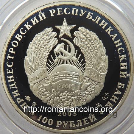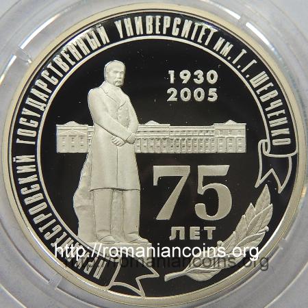 32 mm diametru, 14.14 g, argint 92.5%, margine netedă valoarea nominală 100 RUBLEI, stema autoproclamatei republici transnistrene (cu secera și ciocanul), inscripția PRIDNESTROVSKII RESPUBLIKANSKII BANK (cu litere chirilice) însemnînd BANCA REPUBLICANĂ [TRANS] NISTREANĂ, anul 2005, la stînga semne de monetărie, la dreapta Ag 925 reprezentînd titlul argintului | statuia poetului și artistului ucrainean Taras Șevcenko, anii 1930 și 2005, pe fundal clădirea principală a Universității din Tiraspol, inscripția 75 LET însemnînd 75 ANI, o ramură de laur, inscripția circulară PRIDNESTROVSKII GOSUDARSTVENNÎI UNIVERSITET IM. T.G. ȘEVCENKO (în limba rusă, cu litere chirilice) însemnînd UNIVERSITATEA DE STAT [Trans]NISTREANĂ (CU NUMELE) T.G. ȘEVCENKO Tiraj: 500 de piese |
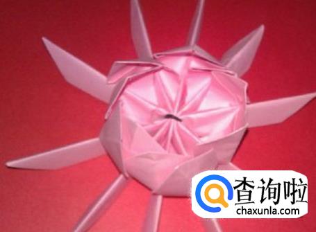 对半折后摊开,按对准中线折出90°小三角形,左右上下边都一样,如图所示。
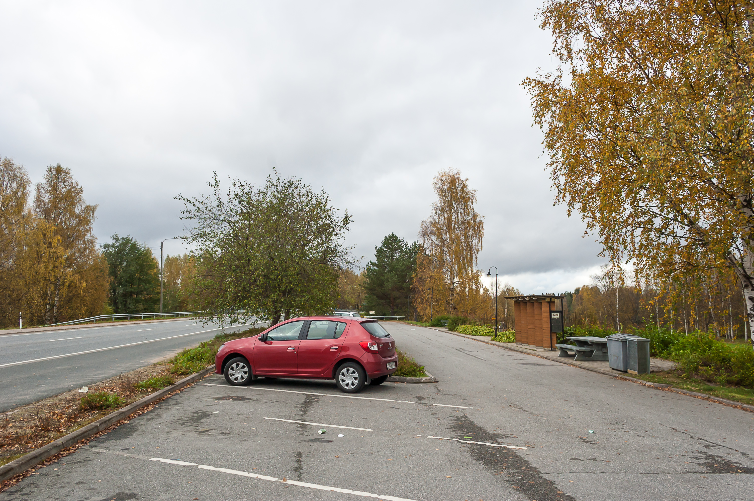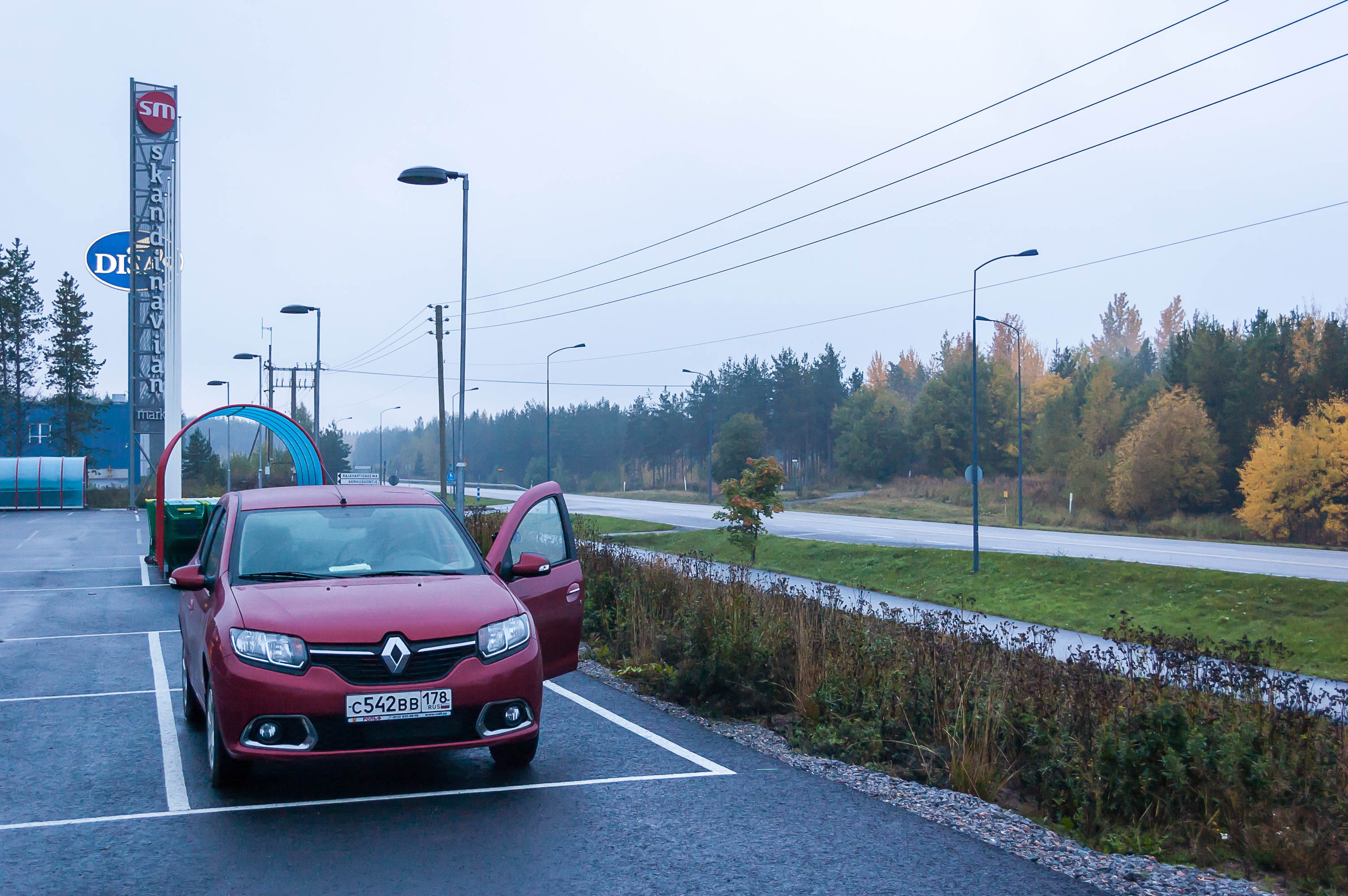 6. 7:52, 234 км: ура, Финляндия! Регион Южная Карелия, если быть точным. Я сразу же заехал на парковку супермаркета «Скандинавия-Маркет», совсем рядом с той «Лапландией», и вышел размять ноги. Спустя несколько минут из динамиков над входом в супермаркет понеслась какая-то финская попса, и работник вышел отпереть двери; у них с восьми утра часы работы. Я сходил там в туалет и поехал дальше.
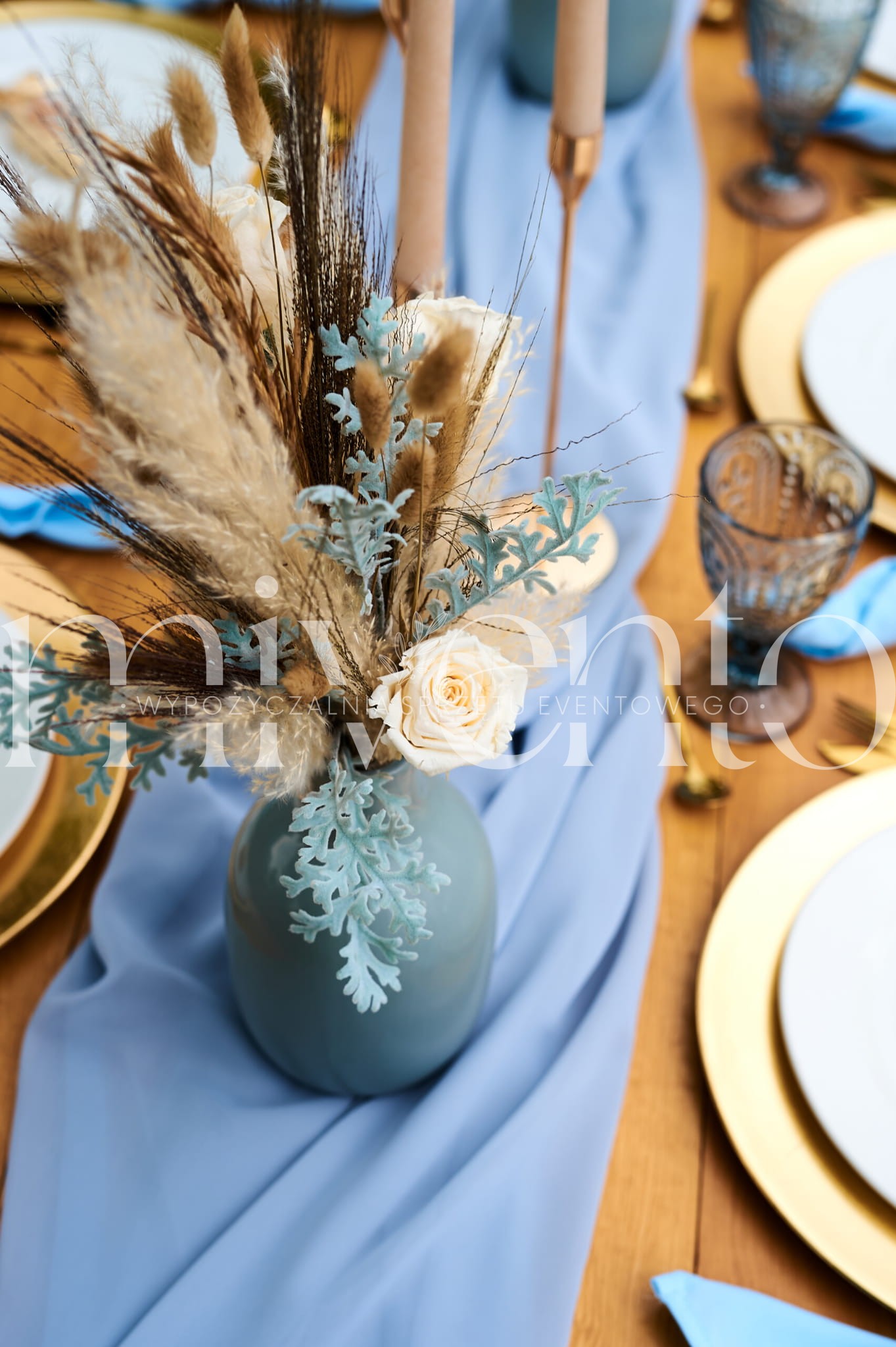 - bieżnik różowy oraz serwety materiałowe w kolorze niebieskim
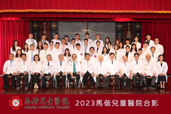 民國112年6月15日在馬偕紀念醫院九樓大禮堂進行馬偕兒童醫院兒科醫師的合照。
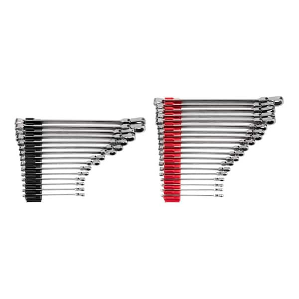 Long Fixed/Flex Hd 12-Pnt Ratcheting Box End Wrench Set W/Modular Organizers, 34-Pcs, 1/4-1'', 6-24mm
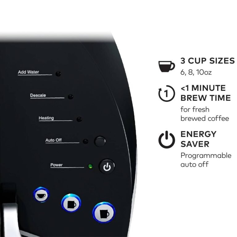 - Simple button controls: Just insert a pod, select your desired cup brew size, and brew a great-tasting cup in under a minute.

Requirement » Would you copy the lines above exactly, starting with the one that has "- bieżnik różowy" and ending with the one that has "Long Fixed/Flex Hd", both included, without the pictures?

Your response »
 - bieżnik różowy oraz serwety materiałowe w kolorze niebieskim
 民國112年6月15日在馬偕紀念醫院九樓大禮堂進行馬偕兒童醫院兒科醫師的合照。
 Long Fixed/Flex Hd 12-Pnt Ratcheting Box End Wrench Set W/Modular Organizers, 34-Pcs, 1/4-1'', 6-24mm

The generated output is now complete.